T-distribution: what it is and how to use it
The t-distribution, also known as Student’s t-distribution, is a way of describing data that follow a bell curve when plotted on a graph, with the greatest number of observations close to the mean and fewer observations in the tails.
It is a type of normal distribution used for smaller sample sizes, where the variance in the data is unknown.
In statistics, the t-distribution is most often used to:
- Find the critical values for a confidence interval when the data is approximately normally distributed.
- Find the corresponding p-value from a statistical test that uses the t-distribution (t-tests, regression analysis).
What is a t-distribution?
The t-distribution is a type of normal distribution that is used for smaller sample sizes. Normally-distributed data form a bell shape when plotted on a graph, with more observations near the mean and fewer observations in the tails.
The t-distribution is used when data are approximately normally distributed, which means the data follow a bell shape but the population variance is unknown. The variance in a t-distribution is estimated based on the degrees of freedom of the data set (total number of observations minus 1).
It is a more conservative form of the standard normal distribution, also known as the z-distribution. This means that it gives a lower probability to the center and a higher probability to the tails than the standard normal distribution.
T-distribution and the standard normal distribution
As the degrees of freedom (total number of observations minus 1) increases, the t-distribution will get closer and closer to matching the standard normal distribution, a.k.a. the z-distribution, until they are almost identical.
Above 30 degrees of freedom, the t-distribution roughly matches the z-distribution. Therefore, the z-distribution can be used in place of the t-distribution with large sample sizes.
The z-distribution is preferable over the t-distribution when it comes to making statistical estimates because it has a known variance. It can make more precise estimates than the t-distribution, whose variance is approximated using the degrees of freedom of the data.
T-distribution and t-scores
In statistics, t-scores are primarily used to find two things:
- The upper and lower bounds of a confidence interval when the data are approximately normally distributed.
- The p-value of the test statistic for t-tests and regression tests.
T-scores and confidence intervals
Confidence intervals use t-scores to calculate the upper and lower bounds of the prediction interval. The t-score used to generate the upper and lower bounds is also known as the critical value of t, or t*.
T-scores and p-values
Statistical tests generate a test statistic showing how far from the null hypothesis of the statistical test your data is. They then calculate a p-value that describes the likelihood of your data occurring if the null hypothesis were true.
The test statistic for t-tests and regression tests is the t-score.
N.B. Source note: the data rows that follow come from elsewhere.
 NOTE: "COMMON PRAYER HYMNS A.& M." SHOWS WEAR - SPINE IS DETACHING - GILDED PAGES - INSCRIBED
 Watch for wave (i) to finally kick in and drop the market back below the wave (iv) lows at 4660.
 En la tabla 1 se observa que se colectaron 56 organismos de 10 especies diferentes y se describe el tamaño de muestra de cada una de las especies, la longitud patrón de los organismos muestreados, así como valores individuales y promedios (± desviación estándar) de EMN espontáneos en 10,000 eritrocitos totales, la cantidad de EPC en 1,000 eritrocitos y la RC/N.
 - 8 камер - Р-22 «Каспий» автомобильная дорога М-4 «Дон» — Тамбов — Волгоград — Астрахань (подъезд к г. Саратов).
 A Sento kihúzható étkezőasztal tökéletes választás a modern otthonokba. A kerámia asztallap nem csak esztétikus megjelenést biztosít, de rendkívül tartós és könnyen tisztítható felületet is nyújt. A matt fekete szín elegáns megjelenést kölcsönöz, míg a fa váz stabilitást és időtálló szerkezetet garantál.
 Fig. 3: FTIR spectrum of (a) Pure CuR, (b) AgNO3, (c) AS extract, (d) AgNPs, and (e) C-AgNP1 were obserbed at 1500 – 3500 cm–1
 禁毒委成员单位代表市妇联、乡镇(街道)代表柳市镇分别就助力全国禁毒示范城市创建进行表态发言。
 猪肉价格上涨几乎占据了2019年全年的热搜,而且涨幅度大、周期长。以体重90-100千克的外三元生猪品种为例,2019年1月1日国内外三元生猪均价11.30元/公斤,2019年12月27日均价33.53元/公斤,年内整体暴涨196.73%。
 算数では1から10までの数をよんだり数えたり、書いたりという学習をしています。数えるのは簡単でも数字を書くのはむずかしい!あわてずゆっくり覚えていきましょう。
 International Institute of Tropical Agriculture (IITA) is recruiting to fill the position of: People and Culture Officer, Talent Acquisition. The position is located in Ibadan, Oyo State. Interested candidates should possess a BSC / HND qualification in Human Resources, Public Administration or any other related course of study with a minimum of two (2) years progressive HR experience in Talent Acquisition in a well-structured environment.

While most statistical programs will automatically calculate the corresponding p-value for the t-score, you can also look up the values in a t-table, using your degrees of freedom and t-score to find the p-value.
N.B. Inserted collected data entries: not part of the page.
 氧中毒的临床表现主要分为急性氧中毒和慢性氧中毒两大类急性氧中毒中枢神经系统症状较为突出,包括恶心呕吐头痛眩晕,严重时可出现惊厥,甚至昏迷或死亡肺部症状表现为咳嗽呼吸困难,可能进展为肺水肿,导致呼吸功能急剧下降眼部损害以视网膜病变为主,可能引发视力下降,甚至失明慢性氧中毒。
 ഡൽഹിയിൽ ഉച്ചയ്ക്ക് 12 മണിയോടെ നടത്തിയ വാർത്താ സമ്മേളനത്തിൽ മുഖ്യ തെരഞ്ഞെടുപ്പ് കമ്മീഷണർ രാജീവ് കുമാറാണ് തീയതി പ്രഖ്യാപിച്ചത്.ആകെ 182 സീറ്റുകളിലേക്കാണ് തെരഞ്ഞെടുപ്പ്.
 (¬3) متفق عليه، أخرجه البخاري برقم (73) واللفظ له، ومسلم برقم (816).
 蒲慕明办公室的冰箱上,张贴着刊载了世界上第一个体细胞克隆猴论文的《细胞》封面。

The t-score which generates a p-value below your threshold for statistical significance is known as the critical value of t, or t*.
Frequently asked questions about the t-distribution
- What is a t-distribution?
The t-distribution is a way of describing a set of observations where most observations fall close to the mean, and the rest of the observations make up the tails on either side. It is a type of normal distribution used for smaller sample sizes, where the variance in the data is unknown.
The t-distribution forms a bell curve when plotted on a graph. It can be described mathematically using the mean and the standard deviation.
- What is the difference between the t-distribution and the standard normal distribution?
The t-distribution gives more probability to observations in the tails of the distribution than the standard normal distribution (a.k.a. the z-distribution).
In this way, the t-distribution is more conservative than the standard normal distribution: to reach the same level of confidence or statistical significance, you will need to include a wider range of the data.
- What is a t-score?
A t-score (a.k.a. a t-value) is equivalent to the number of standard deviations away from the mean of the t-distribution.
- What is a test statistic?
A test statistic is a number calculated by a statistical test. It describes how far your observed data is from the null hypothesis of no relationship between variables or no difference among sample groups.
The test statistic tells you how different two or more groups are from the overall population mean, or how different a linear slope is from the slope predicted by a null hypothesis. Different test statistics are used in different statistical tests.
- What is a critical value?
A critical value is the value of the test statistic which defines the upper and lower bounds of a confidence interval, or which defines the threshold of statistical significance in a statistical test. It describes how far from the mean of the distribution you have to go to cover a certain amount of the total variation in the data (i.e. 90%, 95%, 99%).
If you are constructing a 95% confidence interval and are using a threshold of statistical significance of p = 0.05, then your critical value will be identical in both cases.